Amii and UAlberta have stepped up, too, hiring former DeepMind Alberta staff and creating 20 new faculty positions to focus on applying AI to areas like health and energy; Bowling played a key role. 

Corporate Alberta, much like the rest of the world, is now very much interested in AI. As a result, Amii is getting its breakthroughs out into the world via a residency program that dispatches AI graduates to help smaller industrial firms adopt the technology. There’s now “a lot more opportunity” for AI talent in the province, says Amii CEO Cam Linke. 

For the five and a half years between DeepMind Alberta’s arrival and departure, the lab took up a lot of space in the general conception of Edmonton’s AI scene, and in the ambitions of the city’s young researchers. 

The firm’s exit broke the spell. Naik, for one, realized he’d been on autopilot, imagining his future at DeepMind. “Once the office closed, I had a lot of thinking to do,” he says.
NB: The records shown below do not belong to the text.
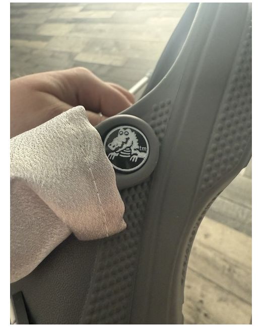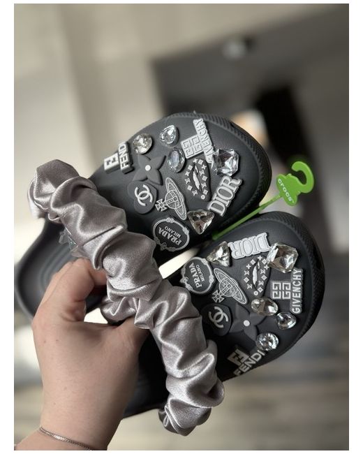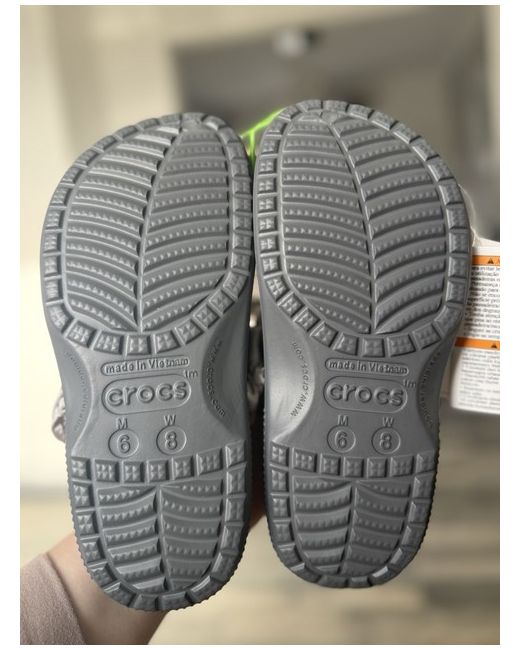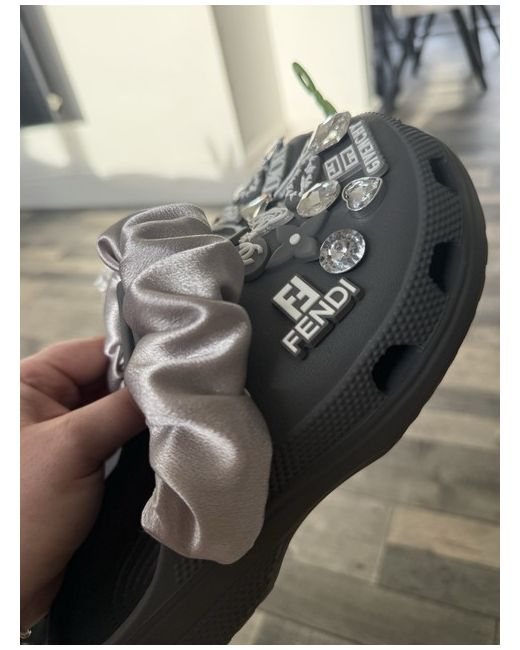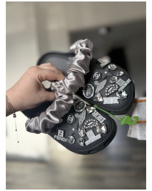 Brand new with original tags and packing (bag NOT BOX) classic crocs In grey In UK size 6 Customised with silver/grey silk strap and grey and silver designer charms/gibbets. Guaranteed postage within 24 hours Of placing your order Message me if you have any questions
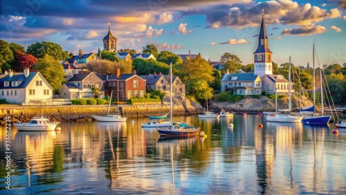 Fototapeta premium Serenene waterfront scene of historic Marblehead, Massachusetts, featuring charming colonial-era architecture, sailboats, and a tranquil harbor with gentle waves and crystal-clear water.
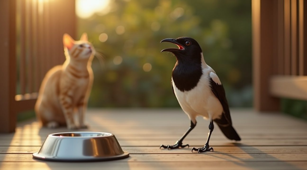 De slimme vogel had wekenlang de dagelijkse routine bestudeerd en perfect door hoe de spraakvaardige dieren hun voedsel bemachtigden. Net zoals sommige papegaaien menselijke geluiden kunnen nabootsen, had deze kraai het kattenrepertoire onder de knie gekregen. Sterker nog, hij ging zelfs zo ver dat hij boze kattengeluiden maakte om de echte katten weg te jagen en het voerbakje voor zichzelf te claimen.
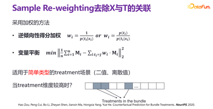 传统做法是采用样本重加权(Sample Re-weighting)的方法来去除 X 和 T 之间的关联,有两种方法:(1)逆倾向性得分加权,(2)变量平衡。但这些方法都存在局限性:只适用于简单类型的干预变量(treatment)场景,二值或离散值。在真实的应用场景下,比如推荐系统,干预变量(treatment)维度很高,给用户推荐商品,推荐的是一个束(bundle),即从很多商品中进行推荐。当干预变量(treatment)维度很高时,使用传统的方法,把初始干预变量(raw treatment)和混淆变量(confounder) X 直接去关联,复杂度非常高,甚至样本空间不足够来去支撑高维度的干预变量(treatment)。
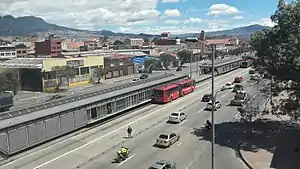 La estación de transferencia Ricaurte hace parte del sistema de transporte masivo de Bogotá llamado TransMilenio inaugurado en el año 2000.
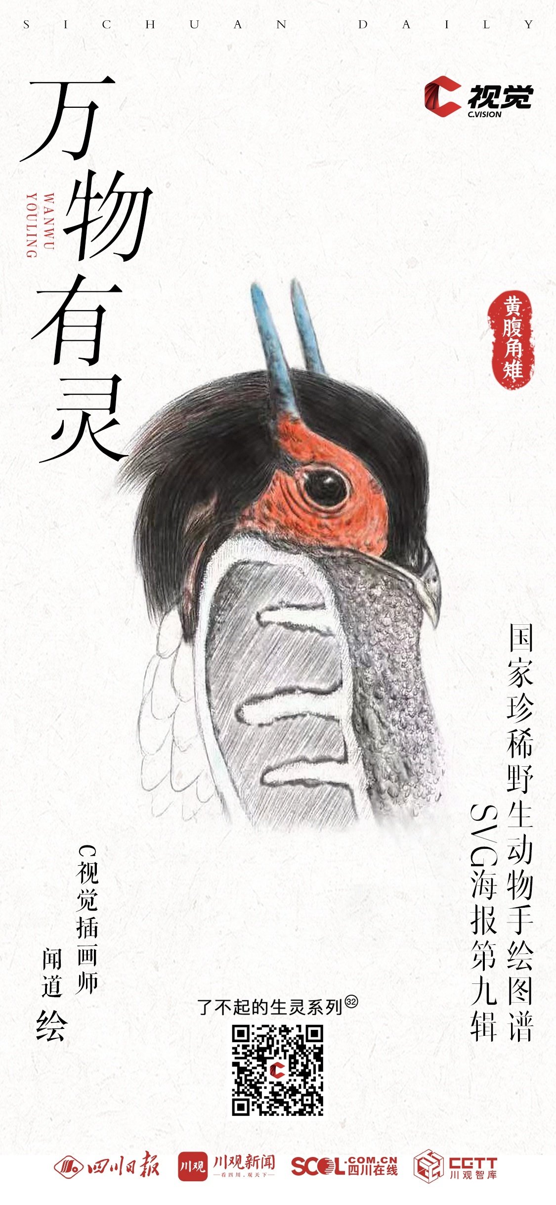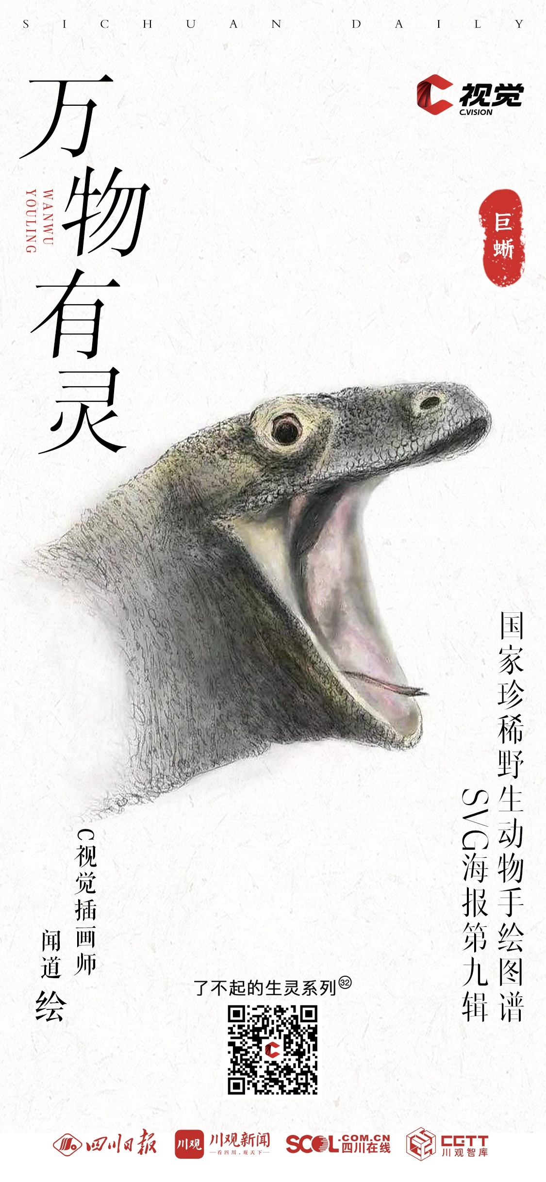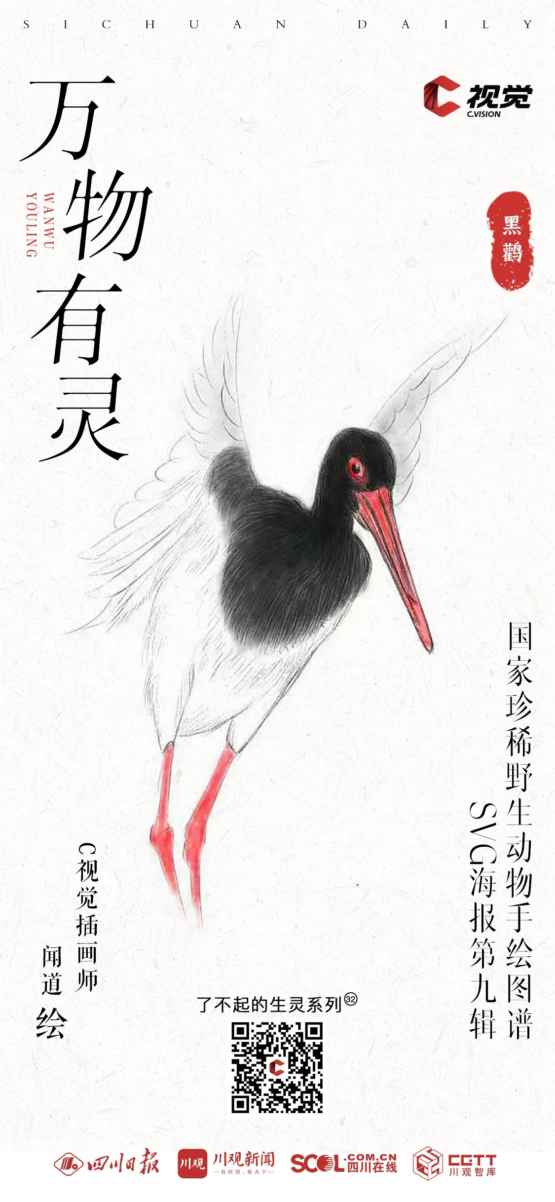 “C 视觉•了不起的生灵”栏目《国家一级保护动物手绘图谱》手绘插画系列,每两周一期。栏目将与C视觉插画师携手,通过简洁明快的线条、多元化的视听表达,呈现各类珍稀动物的生动形象,展现我国生物多样性的魅力与活力。

Long enthralled by the cosmos, he started volunteering with a group of UAlberta students building cube satellites.

Today, Naik works at the National Research Council, where he hopes to develop space rovers and robots that will one day control themselves using reinforcement learning as they explore distant planets. “AI is my expertise, space is my passion,” says Naik, whose home is filled with Lego models of the Space Shuttle Discovery, the Hubble Space Telescope and the Apollo Saturn V rocket.

DeepMind proved it was possible to build a world-class lab in Edmonton, fill it with top researchers, and do great work. The talent it left behind is now pushing that work ever further. For his part, Sutton believes Edmonton’s AI ecosystem has come of age. “There’s nothing holding us back,” he says, “except our imagination and our will.”